═══ Dataset excerpts ═══
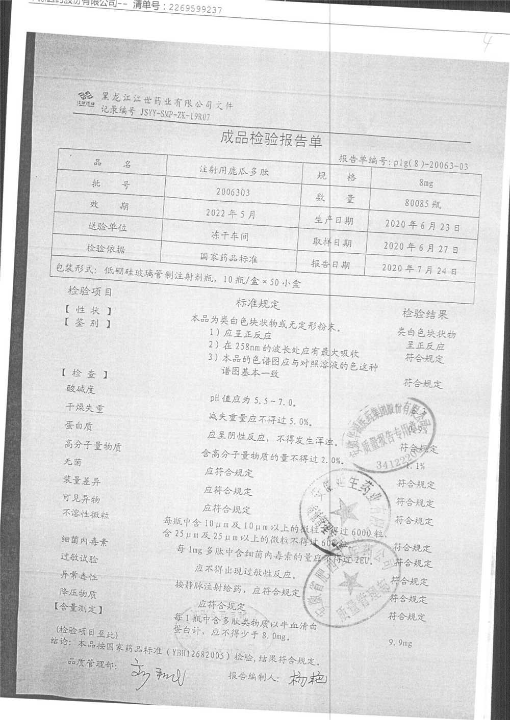 | 注射用鹿瓜多肽 | 8mg | 2111302-3 | 查看詳情 |
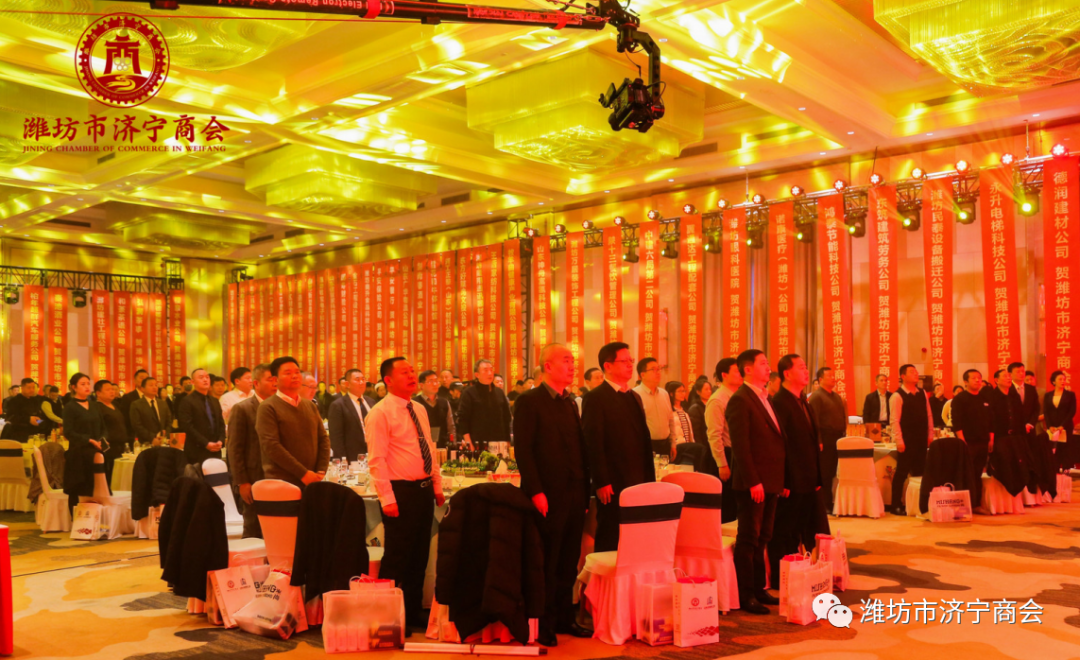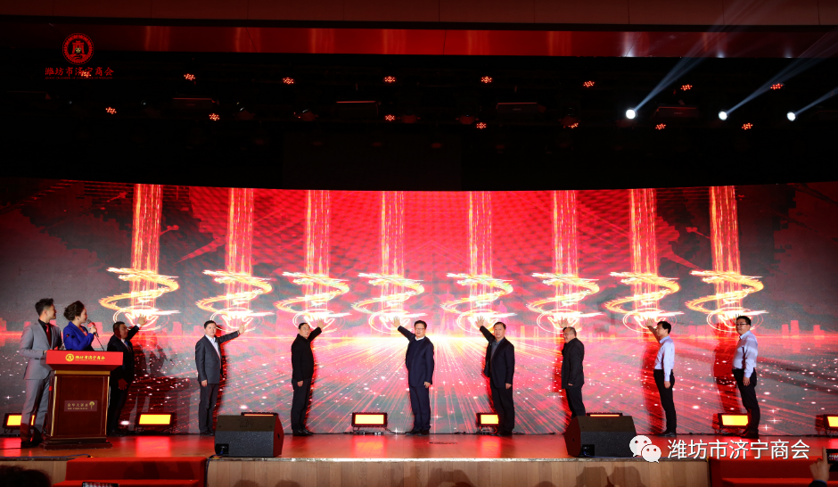 潍坊市委统战部副部长、市工商联党组书记、常务副主席徐凤徽,济宁市委统战部副部长、市工商联党组书记、常务副主席代超,潍坊市文化旅游局原一级调研员梁玉华,济宁市投资促进局党组成员、副局长刘扬国,潍坊市人大代表、潍坊恒信建设集团董事长张玉强,山东省政协委员、潍坊市新的社会阶层人士联谊会会长王建国,潍坊市政协委员、潍坊市济宁商会会长王超,潍坊市鲁西南商会会长季伯仲上台共同助力潍坊市济宁商会的盛大成立。
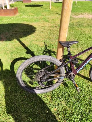 Bicicleta Mondraker de 24 pulgadas, en perfecto estado. - Cuadro de aluminio ligero. - Suspensión delantera. - Frenos de disco. - Cambio Shimano de 7 velocidades. - Neumáticos Kenda.
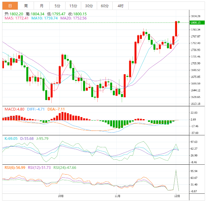 现货黄金:截止发稿,现货黄金小幅下跌,现报1800.09,跌幅0.15%,欧市盘前,黄金/美元位于4个月高点附近,目前小幅下跌挑战近期的三日昇势,市场等待週五北美时段早盘公佈的关键非农报告。除了数据前的焦虑,对美联储(FED)下一步行动的最新鸽派倾向的反思,以及国际货币基金组织(IMF)的负面风险头条似乎也对黄金买家产生了影响。
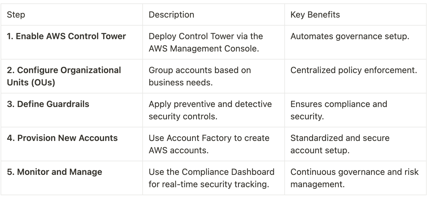 By leveraging preventive and detective guardrails, AWS Control Tower helps organizations automate security enforcement, reduce compliance risks, and maintain a secure AWS environment.
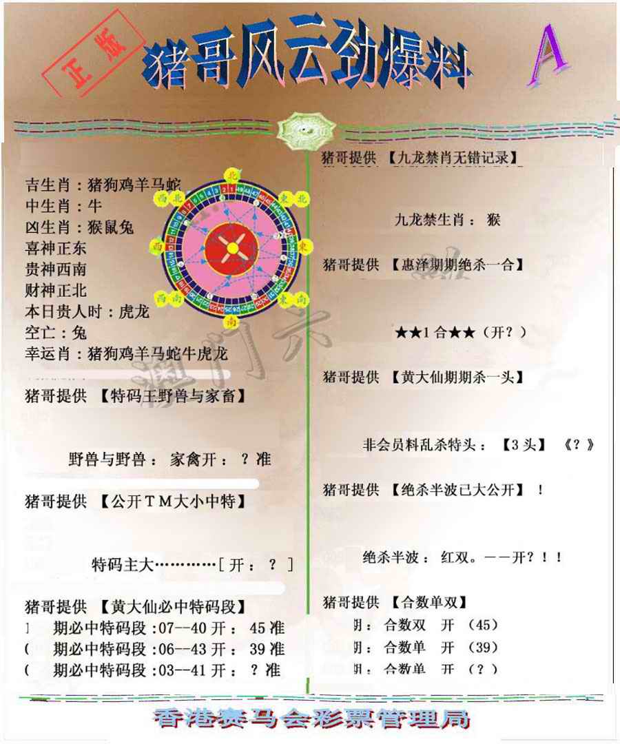 829 旺财三码 830 猫王二肖 831 马会快特A 832 马会快特B
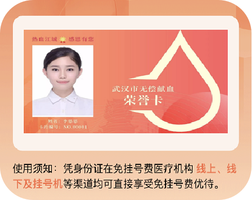 在未建档的情况下,为保证符合资格群体的权益能正常进行,需出示个人无偿献血电子荣誉卡及身份证两种证件,人工窗口补充建档后即可享受免交普通门急诊挂号及诊查费。一次建档,长期有效。电子荣誉卡如图所示:
═══
_Exercise description_. Print the records word for word and exclude any picture they hold.

_Output of the task_.
 | 注射用鹿瓜多肽 | 8mg | 2111302-3 | 查看詳情 |
 潍坊市委统战部副部长、市工商联党组书记、常务副主席徐凤徽,济宁市委统战部副部长、市工商联党组书记、常务副主席代超,潍坊市文化旅游局原一级调研员梁玉华,济宁市投资促进局党组成员、副局长刘扬国,潍坊市人大代表、潍坊恒信建设集团董事长张玉强,山东省政协委员、潍坊市新的社会阶层人士联谊会会长王建国,潍坊市政协委员、潍坊市济宁商会会长王超,潍坊市鲁西南商会会长季伯仲上台共同助力潍坊市济宁商会的盛大成立。
 Bicicleta Mondraker de 24 pulgadas, en perfecto estado. - Cuadro de aluminio ligero. - Suspensión delantera. - Frenos de disco. - Cambio Shimano de 7 velocidades. - Neumáticos Kenda.
 现货黄金:截止发稿,现货黄金小幅下跌,现报1800.09,跌幅0.15%,欧市盘前,黄金/美元位于4个月高点附近,目前小幅下跌挑战近期的三日昇势,市场等待週五北美时段早盘公佈的关键非农报告。除了数据前的焦虑,对美联储(FED)下一步行动的最新鸽派倾向的反思,以及国际货币基金组织(IMF)的负面风险头条似乎也对黄金买家产生了影响。
 By leveraging preventive and detective guardrails, AWS Control Tower helps organizations automate security enforcement, reduce compliance risks, and maintain a secure AWS environment.
 829 旺财三码 830 猫王二肖 831 马会快特A 832 马会快特B
 在未建档的情况下,为保证符合资格群体的权益能正常进行,需出示个人无偿献血电子荣誉卡及身份证两种证件,人工窗口补充建档后即可享受免交普通门急诊挂号及诊查费。一次建档,长期有效。电子荣誉卡如图所示:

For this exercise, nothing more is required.